Please don't fuck up the market for normal rum drinkers by using rum as an investment. It ups the price and screws over normal consumers. The same thing has happened in the whisky world and it is horrible. Flippers and investers are absolute scum and should be tarred and feathered and chased out of town with pitchforks.
Wolf Tone,
Couldn't be said better !👏🏼
At this point i remember the story/experiment where different ants live peacefully in a box until someone shake it. Then they start fighting each other for no reason. I dont get why i should hate the "investor" guy. Because this kind of speculation starts within our finance system. Within our system everybody is free to have property. Everybody is allowed to buy or sell property. Generally there is no problem with this. Wild speculation starts within our central banks policies. There always be some shady guys who ride on this. But they arent the ones to blame.
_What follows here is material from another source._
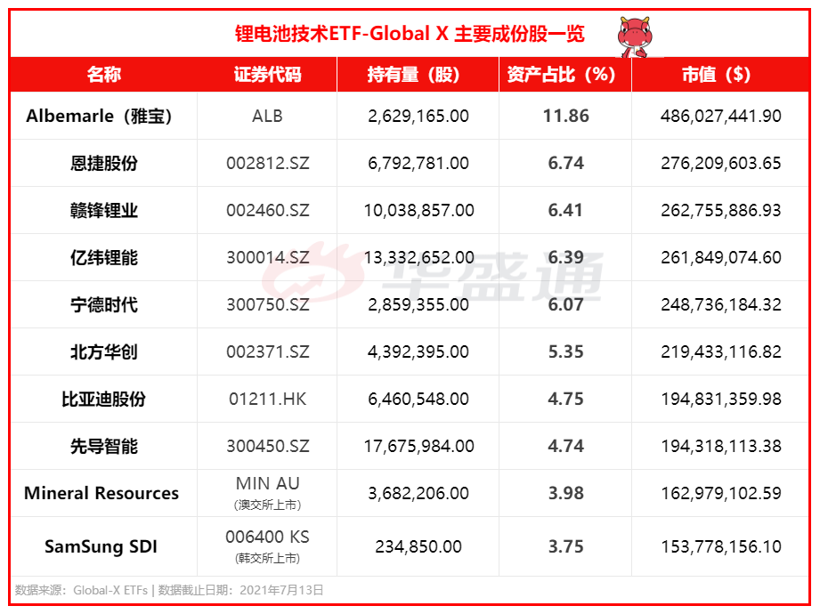 这只ETF遍及锂电池产业链,包括锂采矿,锂精炼和电池生产,今年以来累计涨幅已达27.08%。其成分股包括雅宝(ALB)、赣锋锂业(01772.HK)、宁德时代(300750.SZ)、亿纬锂能(30014.SZ)等。

Toni: I agree that it starts elsewhere. The whole system we live in is deeply flawed. That is one of the many reasons that I am a member of two different political parties plus several extra-parliamentary organisations in my country that all work towards system change, especially in the financial markets.That being said, and politics aside, if you, as a rum enthusiast, don't see the problem with people flipping rum for profits, casually screwing over other rum drinkers, than you are part of the problem. It may be legal, but that doesn't make it moral, and it doesn't make it right.I am reminded myself of a quote by the famous Whisky writer Aeneas MacDonald, way back in 1930, who wrote: "For it cannot be maintained seriously that those who make the food and the drink of man are in the same category as mere commercial manufacturers. Theirs is a sacred, almost a priestly responsibility, which they cannot barter away for turnovers and dividends without betraying their trust as custodians of civilization."That goes, in my humble opinion, for both producers as well as consumers.
A simple solution is to stop consuming speculative goods. I don't care about house, car or whisky prices. Because I don't want to buy these goods. There is also no need to drink rum >100 euros per bottle, speculation usually takes place from this amount. But you can consume speculative rum with simple strategies.There is also a solution for financial markets: transaction taxes. Times are good, these are first world problems that are not really problems.
@Wolfe Tone Moral is very depending on the persons personal view and wont be discussed by me. Because it is pointless. I do not see how morals will ever change basic human settings. I do not put my personal moral view in the discussion and do not value yours. I also do not want to be valued by your morals within a discussion. And as i stated above i also dont see any useful/positive outcome when some one decides to flip a bottle that he just purchased - even for the flipper himself. My point ist that i refuse to judge these guys. What does it (hate) change after all?
@Vomi agree, these are 1.st world problems we discuss.